HBO’s Watchmen is set 30 years after the events of Dave Gibbons and Alan Moore’s original comics series, meaning that most of the story’s original heroes and villains are long since dead, inactive, or in Doctor Manhattan’s case, hanging out off-planet away from humanity. But Watchmen’s world is one that’s been fundamentally changed by the legacies of both generations of the Minutemen.

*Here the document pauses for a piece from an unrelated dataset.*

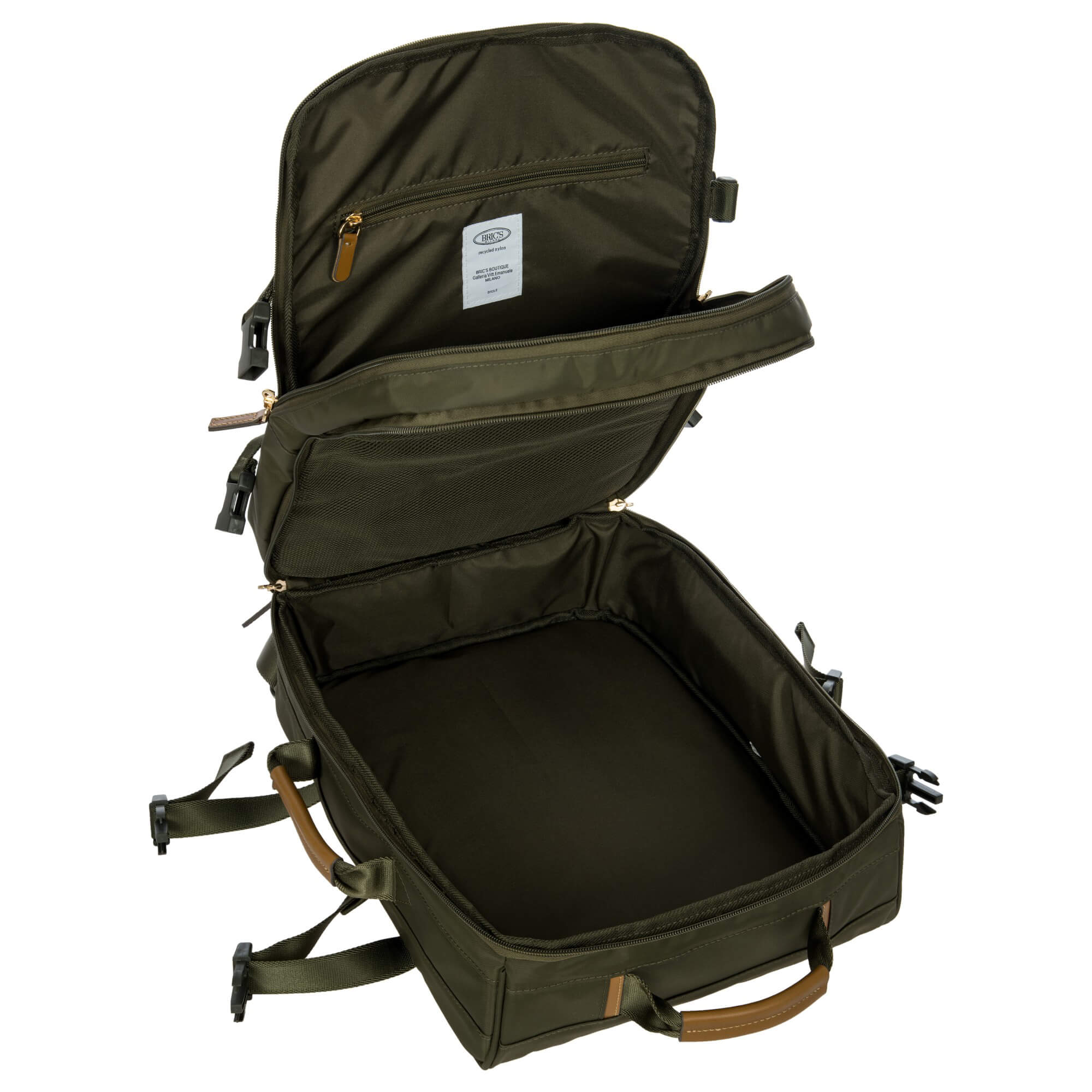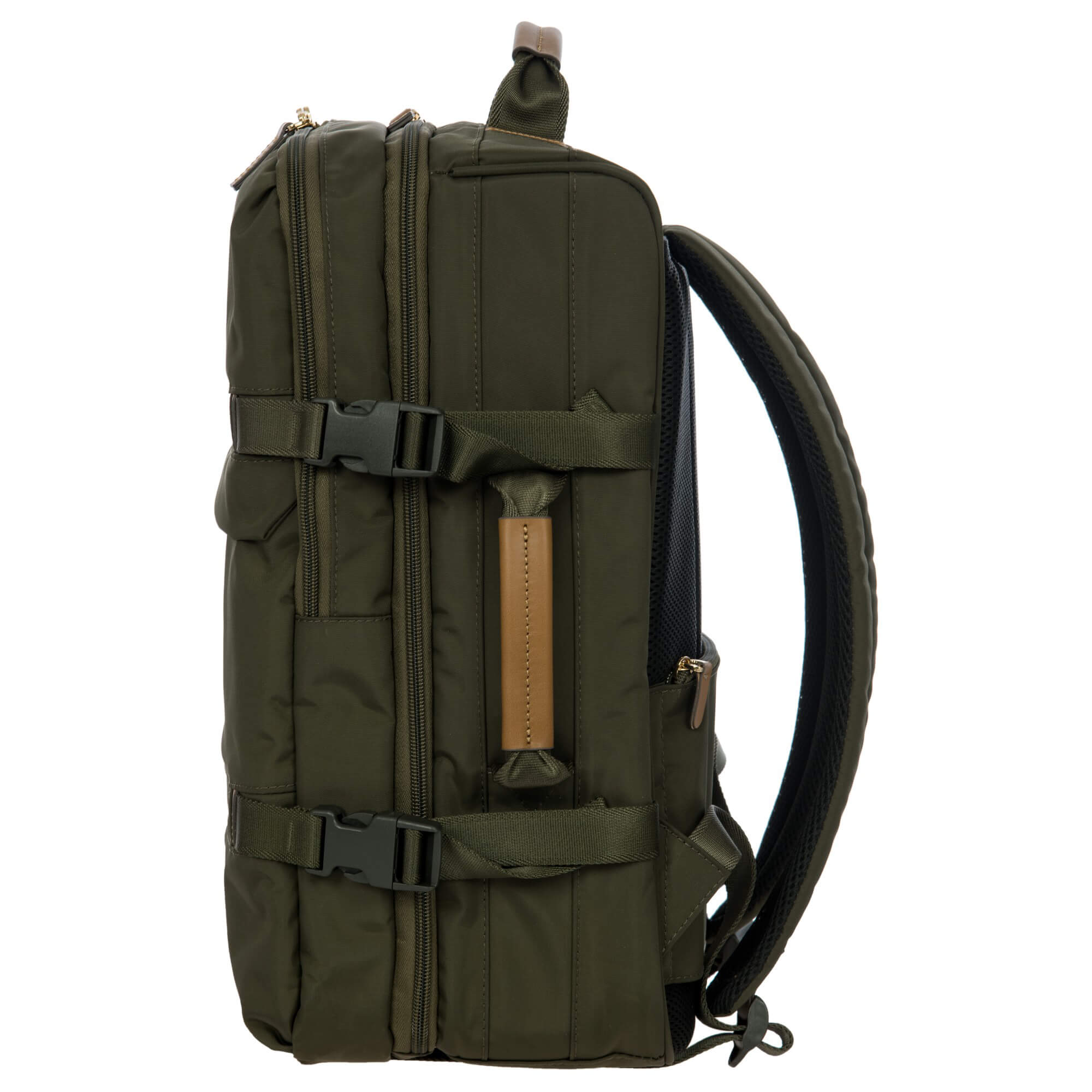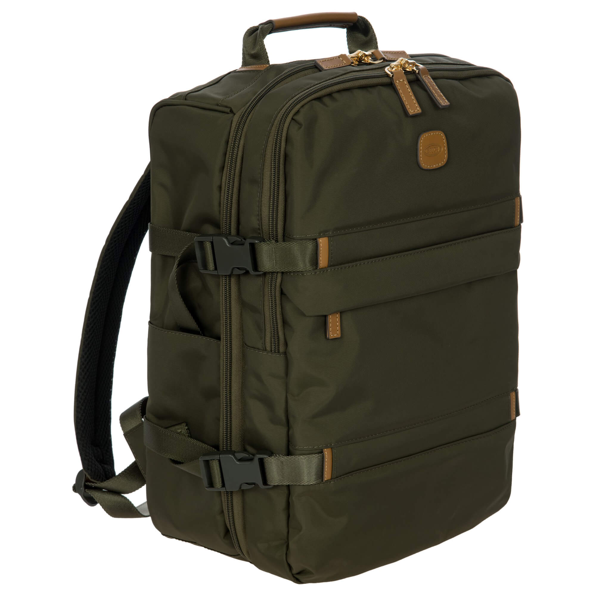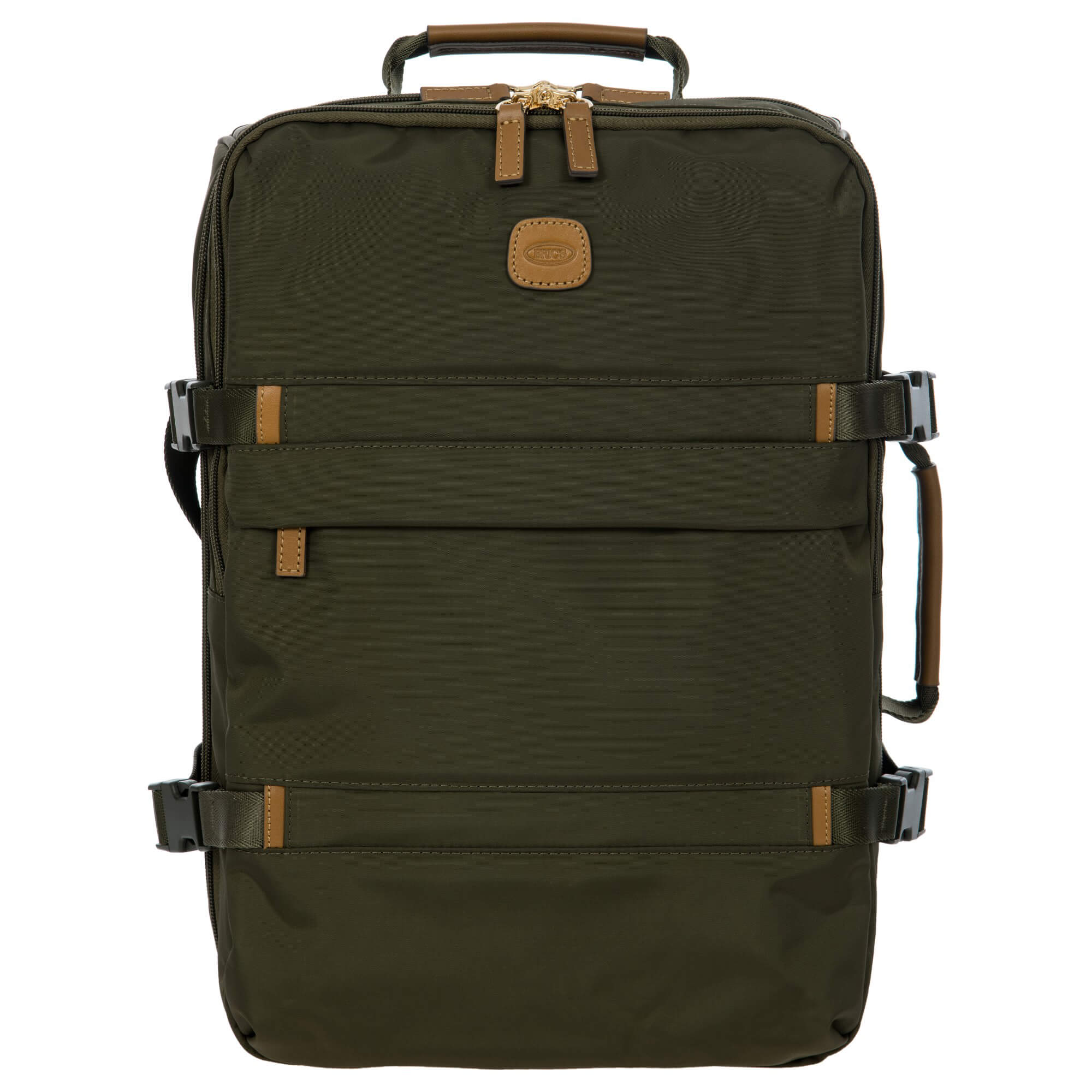 Ein technisch durchdachter Reiserucksack aus der X-Travel Kollektion von Bric's, der mit seinem satinierten Nylonmaterial und der olivgrünen Farbe einen robusten und funktionalen Eindruck macht.

Rorschach is one of the most obvious and striking examples of HBO’s Watchmen continuing the story of an original character by taking their identity and recontextualizing it in a new, distinct narrative. Walter Joseph Kovacs the man is dead, but Rorschach the idea lives on in the form of the Seventh Kavalry, a white terrorist organization operating out of Tulsa, Oklahoma, whose vicious attacks on the city’s black population prompt the government to allow the police department to begin hiding their identities.

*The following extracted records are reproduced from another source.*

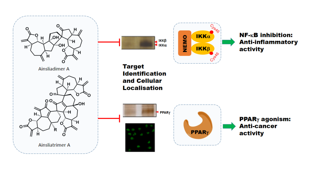 In this highlight we describe two case studies from our laboratory, involving the biomimetic syntheses and the biological mechanism elucidation of the bioactive oligomeric sesquiterpenoids, (+)-ainsliadimer A (4) and (?)-ainsliatrimer A (5). Ainsliadimer A possesses potent anti-inflammatory activity by inhibition of the NF-κB signalling pathway?via?binding at a previously untargeted allosteric site. (?)-Ainsliatrimer A induces apoptosis in cancer cells by activation of PPARγ. Furthermore, we highlight a new bioorthogonal ligation (TQ-ligation) developed in our laboratory which facilitates the target identification of complex natural productsvia?pre-target fluorescence imaging and affinity chromatography. Generally, this paper will discuss the complete process from total synthesis to biological studies of complex natural products, and from the establishment of new bio-orthogonal chemistry to successful target identification. Our approach provides a systematic and efficient methodology for addressing the challenge of natural product target identification.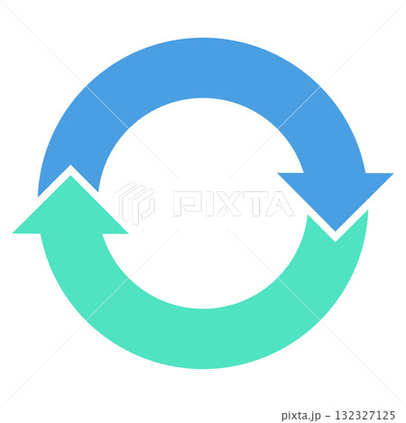 2つの矢印が循環する回転矢印(サイクル矢印) ループ 寒色系カラー ベクターイラスト 単品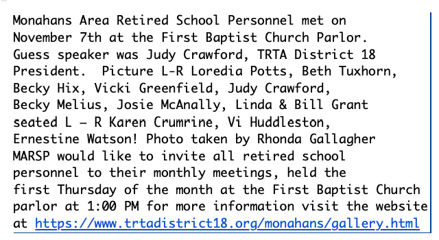 Monahans November Meeting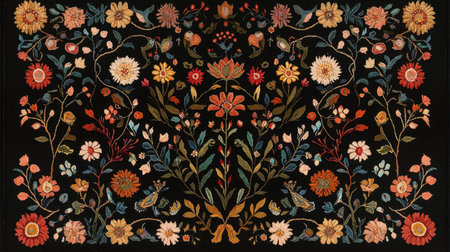 This stunning floral embroidery design showcases colorful blossoms on a dark background, perfect for textiles, art projects, and home decor.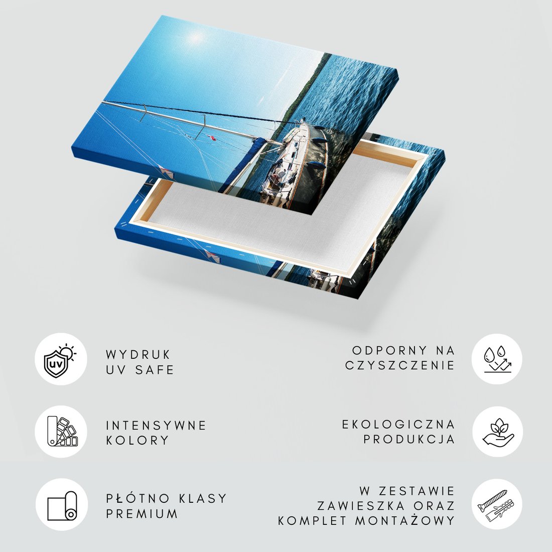 Obraz na płótnie z motywem żaglówka, morze, niebo to kwintesencja estetyki i trwałości. Dzięki łatwemu montażowi i uniwersalnemu wzornictwu, czyni go idealnym wyborem zarówno do codziennego użytku, jak i na wyrafinowany prezent.

While the 7K proudly wear Rorschach masks, their ideology is somewhat different than Kovacs’ in that their moral absolutism is defined by an explicitly racist worldview and a desire for ethnic cleaning. At one point in the series’ first episode, members of the 7K share a video warning the police that they’ll be coming for them, and the entire production borrows heavily from Rorschach’s speech in Watchmen’s first issue. It’s a chilling, frightening moment that makes you understand what the Tulsa PD’s up against, but it also illustrates how Rorschach’s come to mean something somewhat different in society.

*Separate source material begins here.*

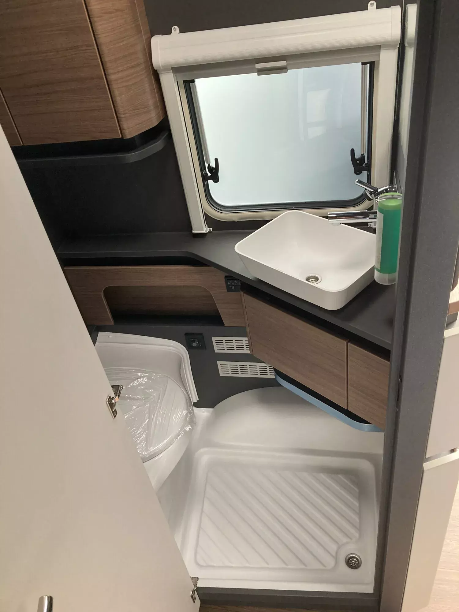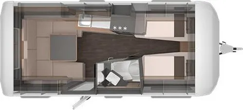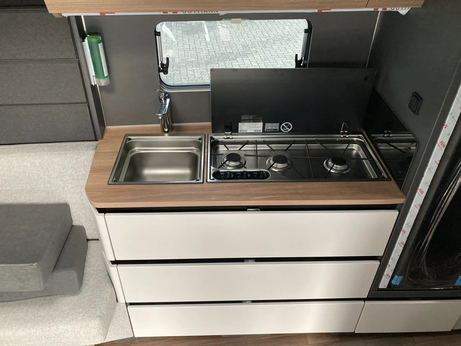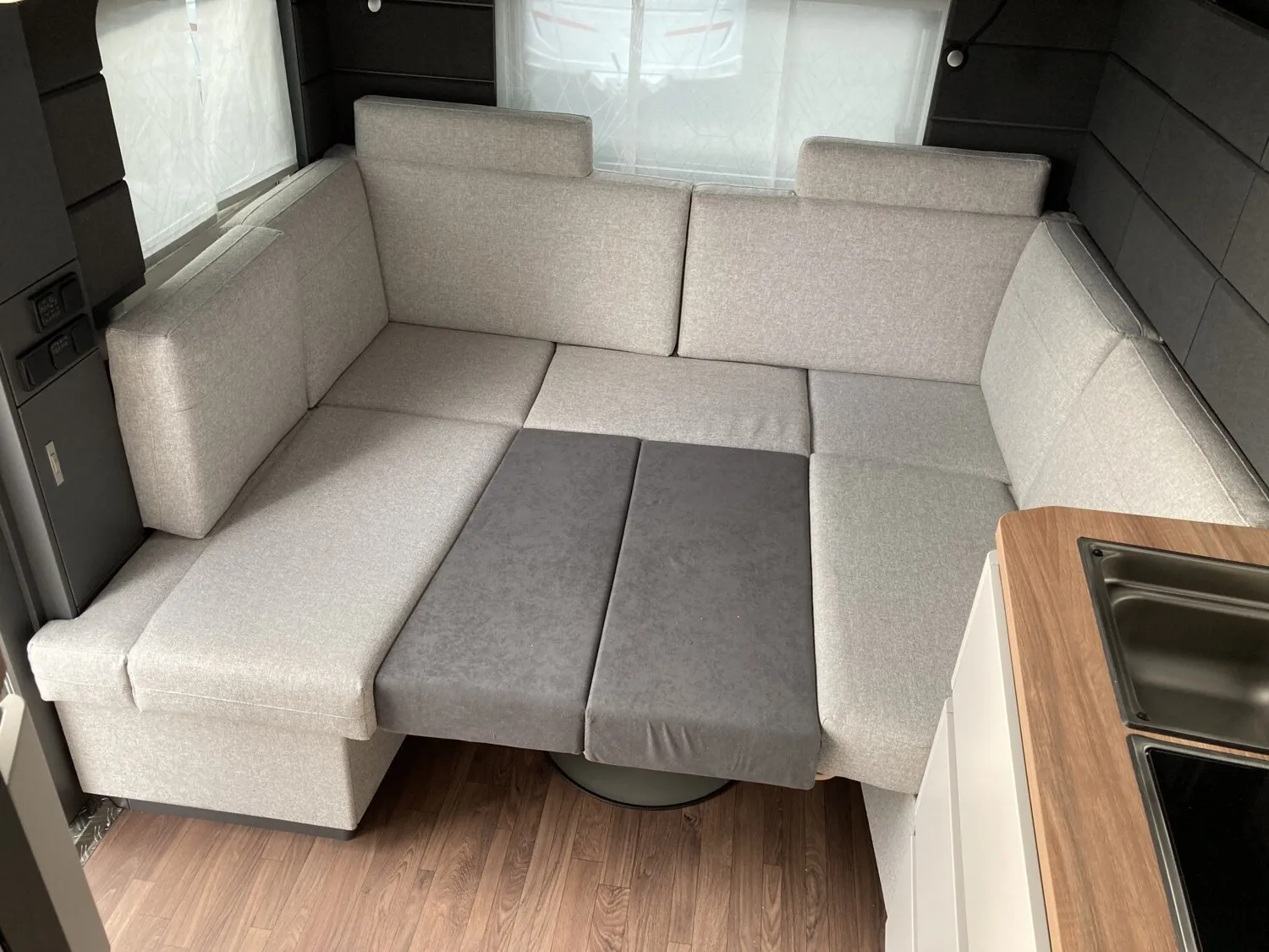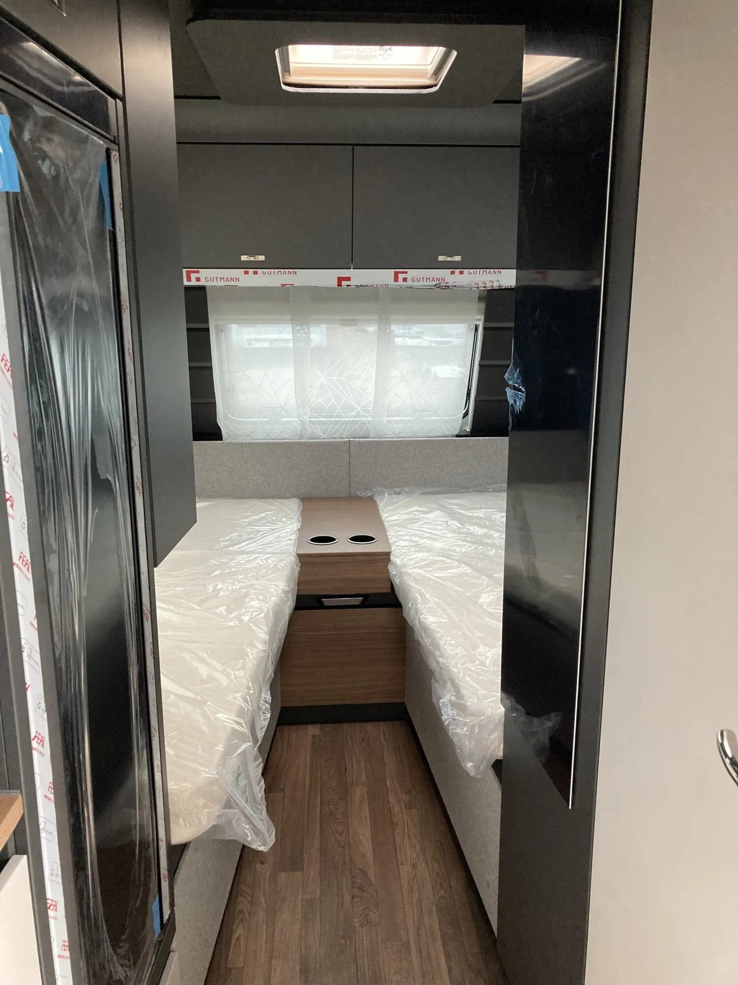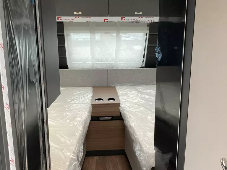 Fahrwerk mit Längslenkerachse, KNOTT.ANS – selbstnachstellende Bremse, MonoachserStützrad mit integrierter Stützlastanzeige, Standfixierung mit Kurbelstützen, Stabilisator-Sicherheits-Kupplung, Hydraulische Radstoßdämpfer, Rückfahrautomatik, Handbremse servounterstützt, Insektenschutztür, GFK-Dach mit reduzierter Hagelempfindlichkeit, Seitenwände in Glattblech – Monoachser, Vorzeltleuchte in LED-Technik, Schränke und Staukästen hinterlüftet, Paravent als Raumtrenner zum Schlafraum, Kühlschrank 133 Liter, Banktoilette THETFORD, Innenbeleuchtung in LED-Technik, Schwanenhalsleuchten

As intentionally disturbing as a character as the original Rorschach was, he’s gone on to become a fan favorite, which Watchmen’s creative team knew could potentially be a point of consternation when the series begins airing this fall. But at this year’s New York Comic Con panel for the show, artist and Watchmen co-creator Dave Gibbons explained that when he first had a chance to read Damon Lindelof’s scripts, he completely understood why Rorschach as a concept was being introduced this way:
“Rorschach is a very interesting character, you know? Obviously, Alan [Moore] very much came up with Rorschach and wrote all the words that came from his mouth, and I think there’s a dreadful appeal to characters like Rorschach in that you can’t possibly agree with them.
But they’re so definite, and so consistent, and so hypnotically sure of what they’re doing that they’re quite arresting. And I can quite see that Rorschach would be a kind of role model for people with unpleasant views in this future.”
It’s easy to grasp why most comics creators, and the studios making big-budget productions based on the creators’ works, are hesitant to wholly embrace the idea that their characters, in any way, speak to the negative elements of society. The assumption is that acknowledging that fact could be perceived as an endorsement of bad behavior on the show’s behalf. But we’ve seen more than a number of examples of people—often police officers—taking the wrong message from things like comic books and co-opting the imagery associated with certain characters in order to send chilling, dangerous messages.
The fact that Gibbons immediately grasped when Watchmen’s trying to do with his creation speaks to the show’s ability to put its money where its mouth is, and actually game out the future of this universe in a way that reflects the realities of our society. Whether the show can manage to maintain that solid grasp on its story and be entertaining all throughout, though, remains to be seen.
Watchmen premieres on HBO on October 20.